▶ **Work task**:
Return the lines from the start of the data through the line with "sowie den Stahlsicherheitsbeiwert". Include both of those lines and no others.

▶ **Records for this task**:
■ ■ ■ ■ ■

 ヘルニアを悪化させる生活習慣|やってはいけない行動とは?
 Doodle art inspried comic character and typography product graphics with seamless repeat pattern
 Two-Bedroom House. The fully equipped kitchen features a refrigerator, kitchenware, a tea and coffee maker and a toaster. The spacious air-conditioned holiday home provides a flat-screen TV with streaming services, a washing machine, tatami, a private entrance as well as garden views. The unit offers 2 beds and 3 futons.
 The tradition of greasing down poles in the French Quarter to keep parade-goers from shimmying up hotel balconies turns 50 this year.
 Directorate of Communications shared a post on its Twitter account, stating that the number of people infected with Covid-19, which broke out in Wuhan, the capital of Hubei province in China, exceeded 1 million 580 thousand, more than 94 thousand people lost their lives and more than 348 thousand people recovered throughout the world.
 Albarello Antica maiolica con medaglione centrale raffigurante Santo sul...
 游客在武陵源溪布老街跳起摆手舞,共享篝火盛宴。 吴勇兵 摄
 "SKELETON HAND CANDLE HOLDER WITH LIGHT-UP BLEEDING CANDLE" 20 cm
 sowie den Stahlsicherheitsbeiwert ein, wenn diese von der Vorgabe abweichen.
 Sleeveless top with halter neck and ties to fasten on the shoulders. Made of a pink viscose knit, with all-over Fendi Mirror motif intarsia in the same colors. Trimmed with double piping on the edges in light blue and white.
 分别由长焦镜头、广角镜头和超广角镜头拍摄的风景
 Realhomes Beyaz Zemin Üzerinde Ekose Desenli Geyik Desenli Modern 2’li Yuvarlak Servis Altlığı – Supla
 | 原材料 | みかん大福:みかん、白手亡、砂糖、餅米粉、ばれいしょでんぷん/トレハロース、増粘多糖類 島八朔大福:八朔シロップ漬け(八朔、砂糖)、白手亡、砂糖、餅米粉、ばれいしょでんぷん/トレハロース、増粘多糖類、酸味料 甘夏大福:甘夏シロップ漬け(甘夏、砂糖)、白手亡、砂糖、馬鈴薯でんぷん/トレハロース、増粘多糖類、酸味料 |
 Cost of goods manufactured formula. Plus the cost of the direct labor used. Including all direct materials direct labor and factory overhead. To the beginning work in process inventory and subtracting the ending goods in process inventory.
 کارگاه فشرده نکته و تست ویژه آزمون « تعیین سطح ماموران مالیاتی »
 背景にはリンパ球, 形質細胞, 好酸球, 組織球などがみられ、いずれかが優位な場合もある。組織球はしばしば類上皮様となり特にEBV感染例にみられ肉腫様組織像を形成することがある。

■ ■ ■ ■ ■

▶ **Task response**:
 ヘルニアを悪化させる生活習慣|やってはいけない行動とは?
 Doodle art inspried comic character and typography product graphics with seamless repeat pattern
 Two-Bedroom House. The fully equipped kitchen features a refrigerator, kitchenware, a tea and coffee maker and a toaster. The spacious air-conditioned holiday home provides a flat-screen TV with streaming services, a washing machine, tatami, a private entrance as well as garden views. The unit offers 2 beds and 3 futons.
 The tradition of greasing down poles in the French Quarter to keep parade-goers from shimmying up hotel balconies turns 50 this year.
 Directorate of Communications shared a post on its Twitter account, stating that the number of people infected with Covid-19, which broke out in Wuhan, the capital of Hubei province in China, exceeded 1 million 580 thousand, more than 94 thousand people lost their lives and more than 348 thousand people recovered throughout the world.
 Albarello Antica maiolica con medaglione centrale raffigurante Santo sul...
 游客在武陵源溪布老街跳起摆手舞,共享篝火盛宴。 吴勇兵 摄
 "SKELETON HAND CANDLE HOLDER WITH LIGHT-UP BLEEDING CANDLE" 20 cm
 sowie den Stahlsicherheitsbeiwert ein, wenn diese von der Vorgabe abweichen.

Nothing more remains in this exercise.